Role of in-service stress and strain fields on the hydrogen embrittlement of the pressure vessel constituent materials in a pressurized water reactor

The in-service brittle fracture of a structural component of a nuclear power plant (NPP) is a problem of major concern in engineering. During nuclear energy generation, the wall of the nuclear reactor pressure vessel (RPV) is exposed to a hydrogenating environment leading to a fracture phenomenon known as hydrogen embrittlement (HE). This in-service failure is ruled by hydrogen diffusion from the hydrogenating source (the inner side of the RPV) towards certain places inside the vessel where hydrogen is accumulated and microstructural damage is located.
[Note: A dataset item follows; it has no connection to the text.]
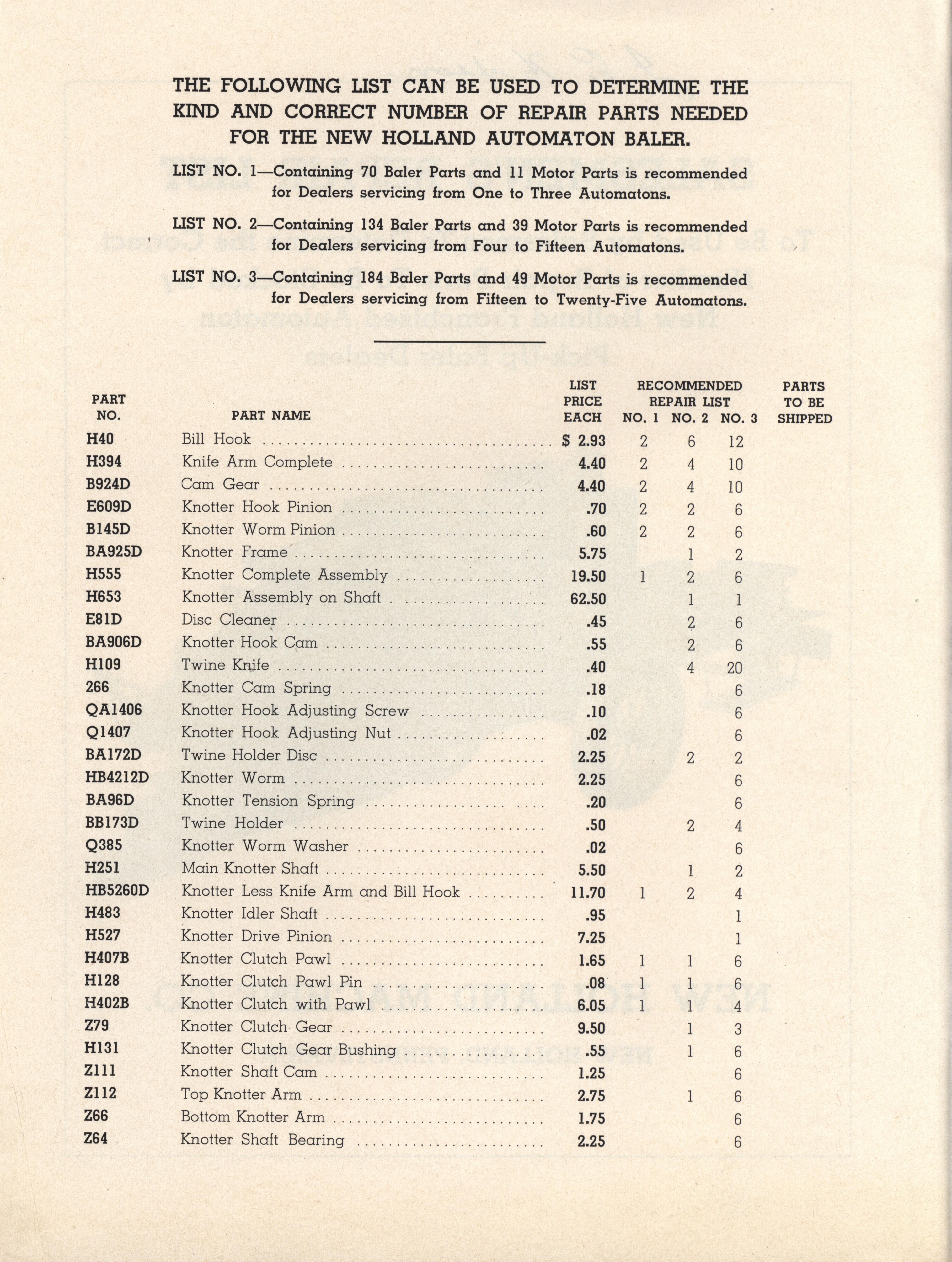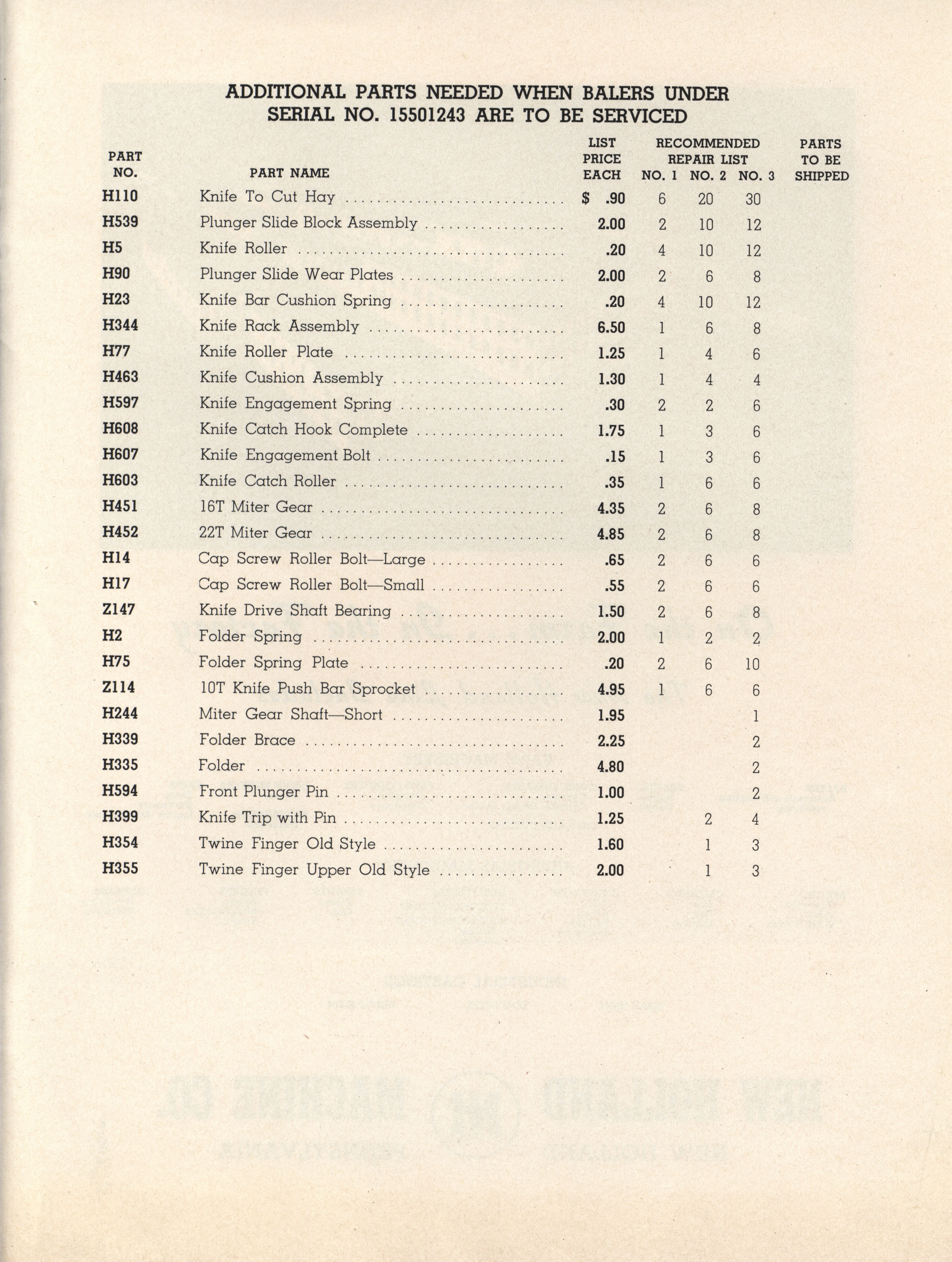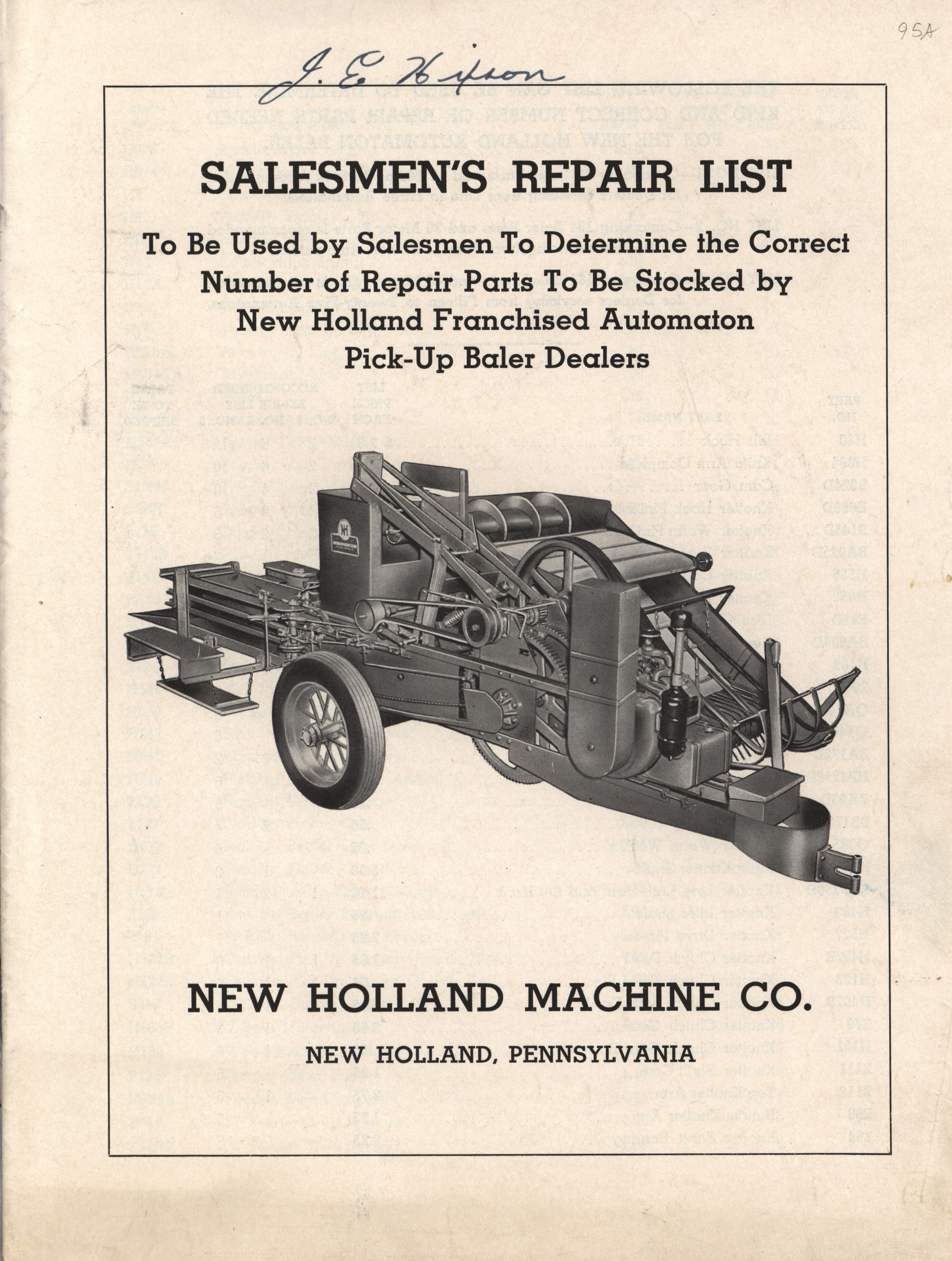 - Illustrated price list for repairs from the New Holland Machine Company.

The diffusion process is highly influenced by the stress and plastic strain distributions. For achieving a realistic estimation of the hydrogen accumulation by diffusion, both the in-service thermal stress and the manufacturing induced residual stress and strain (due to tempering heat treatment) must be taken into account. In this paper, a numerical analysis of the hydrogen diffusion assisted by stress and strain is carried out to find out the hydrogen accumulation within the wall of a real pressurized water reactor (PWR) for diverse heat treatment conditions. Results reveal the key role of the in-service thermal stress which enhances the hydrogen diffusion through the constituents' materials of a PWR pressure vessel.